▸ ACTIVITY
Retype, word for word, every line from the one holding "A csiga feljelentést" through the one holding "Soveværelse (nr. 6)" in the entries below, both included, and only those lines.

▸ DATA FOR THIS TASK
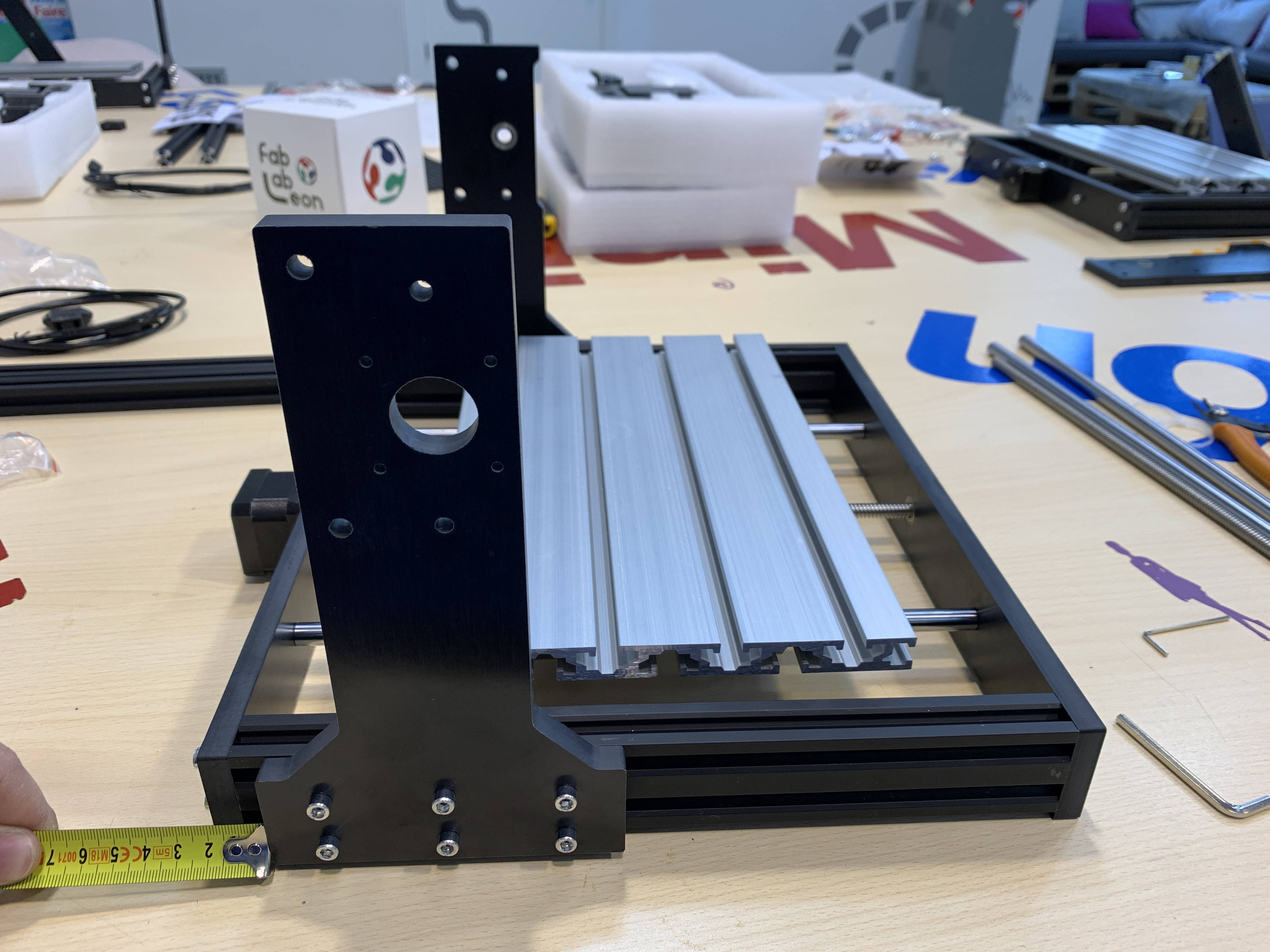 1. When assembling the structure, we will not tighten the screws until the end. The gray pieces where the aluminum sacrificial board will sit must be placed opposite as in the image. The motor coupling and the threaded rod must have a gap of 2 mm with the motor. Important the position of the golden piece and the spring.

...

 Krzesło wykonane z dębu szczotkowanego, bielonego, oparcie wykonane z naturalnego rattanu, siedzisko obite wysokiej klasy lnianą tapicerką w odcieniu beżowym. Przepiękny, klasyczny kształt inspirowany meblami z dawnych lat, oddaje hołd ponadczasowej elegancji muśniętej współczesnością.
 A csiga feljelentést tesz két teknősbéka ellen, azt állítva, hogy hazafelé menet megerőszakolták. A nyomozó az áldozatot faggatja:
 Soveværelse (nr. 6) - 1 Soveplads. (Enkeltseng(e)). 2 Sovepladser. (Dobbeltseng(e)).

---

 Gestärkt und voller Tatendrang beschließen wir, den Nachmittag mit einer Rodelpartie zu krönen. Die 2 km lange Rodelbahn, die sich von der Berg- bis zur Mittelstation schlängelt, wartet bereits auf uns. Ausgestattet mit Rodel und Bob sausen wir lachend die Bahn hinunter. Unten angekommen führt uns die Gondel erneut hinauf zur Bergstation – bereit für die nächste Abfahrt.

▸ ANSWER SPACE
 A csiga feljelentést tesz két teknősbéka ellen, azt állítva, hogy hazafelé menet megerőszakolták. A nyomozó az áldozatot faggatja:
 Soveværelse (nr. 6) - 1 Soveplads. (Enkeltseng(e)). 2 Sovepladser. (Dobbeltseng(e)).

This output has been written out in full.